Your instructions »
Copy nothing but the text: reproduce each line of the listing exactly and leave the pictures out.

Provided data »
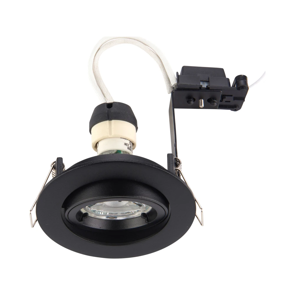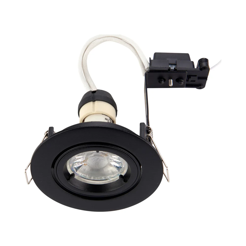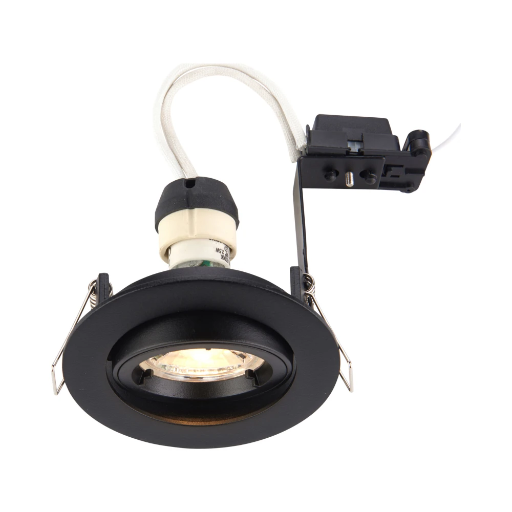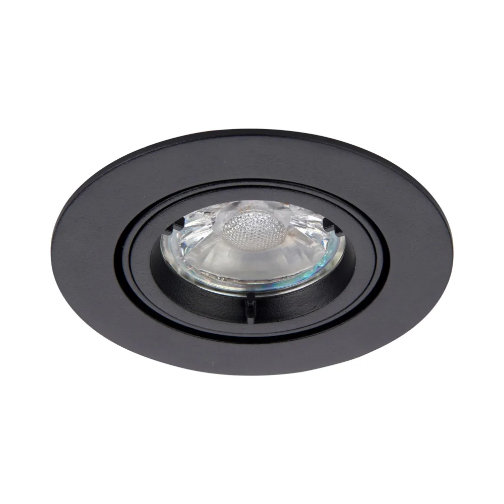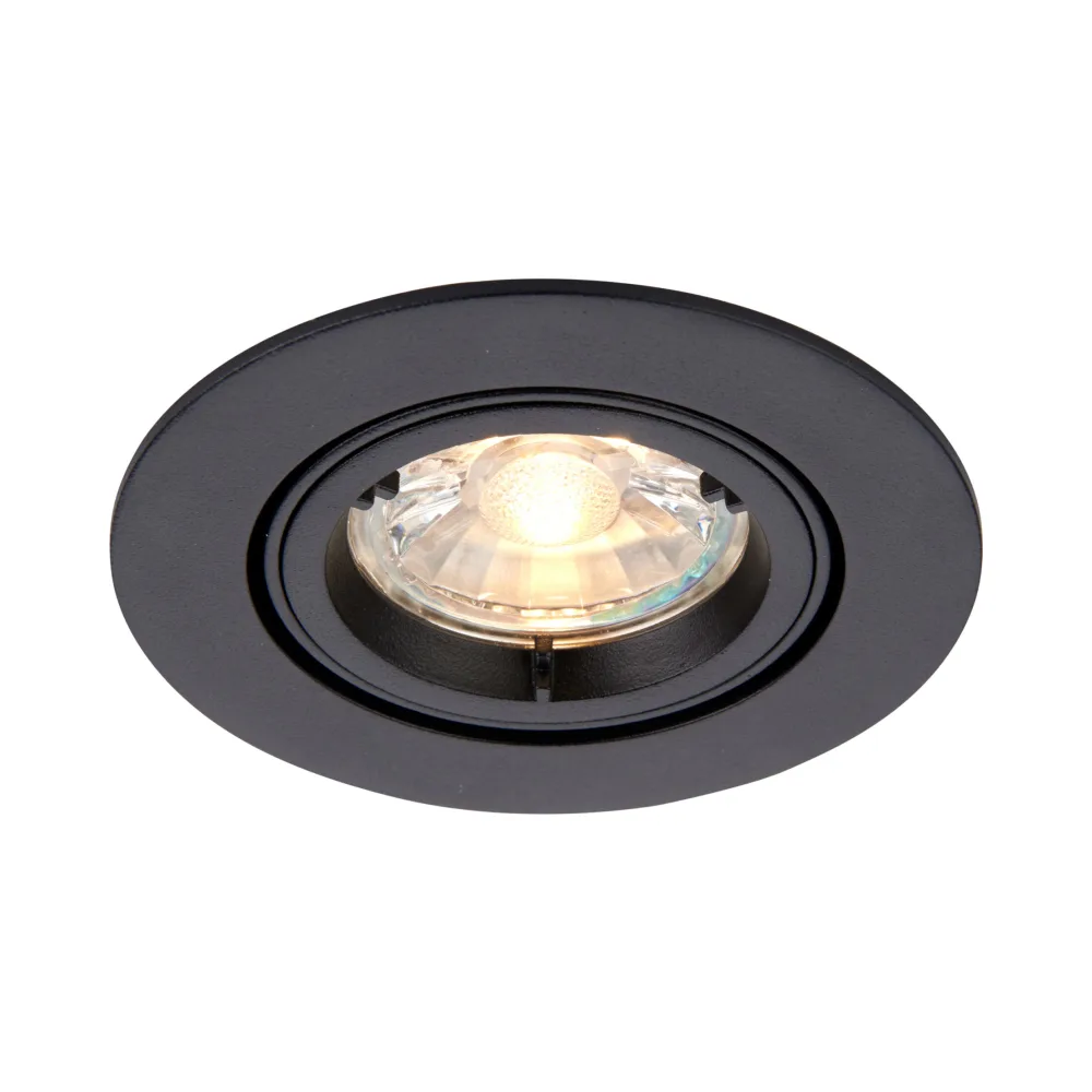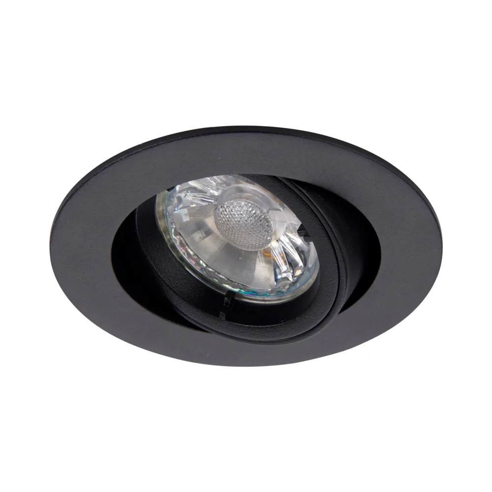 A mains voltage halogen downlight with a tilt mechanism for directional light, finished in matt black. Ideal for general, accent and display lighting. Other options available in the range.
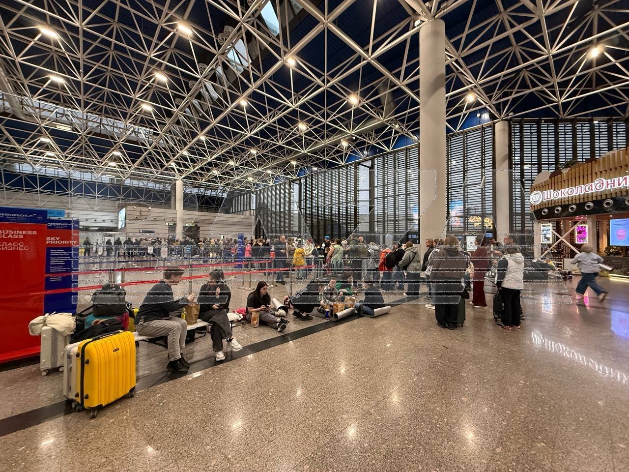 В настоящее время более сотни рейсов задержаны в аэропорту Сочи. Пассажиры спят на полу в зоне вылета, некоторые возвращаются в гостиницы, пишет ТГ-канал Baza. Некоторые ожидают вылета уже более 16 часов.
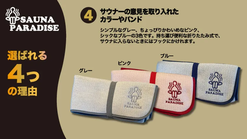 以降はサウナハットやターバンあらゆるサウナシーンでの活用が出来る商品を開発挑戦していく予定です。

Task result »
 A mains voltage halogen downlight with a tilt mechanism for directional light, finished in matt black. Ideal for general, accent and display lighting. Other options available in the range.
 В настоящее время более сотни рейсов задержаны в аэропорту Сочи. Пассажиры спят на полу в зоне вылета, некоторые возвращаются в гостиницы, пишет ТГ-канал Baza. Некоторые ожидают вылета уже более 16 часов.
 以降はサウナハットやターバンあらゆるサウナシーンでの活用が出来る商品を開発挑戦していく予定です。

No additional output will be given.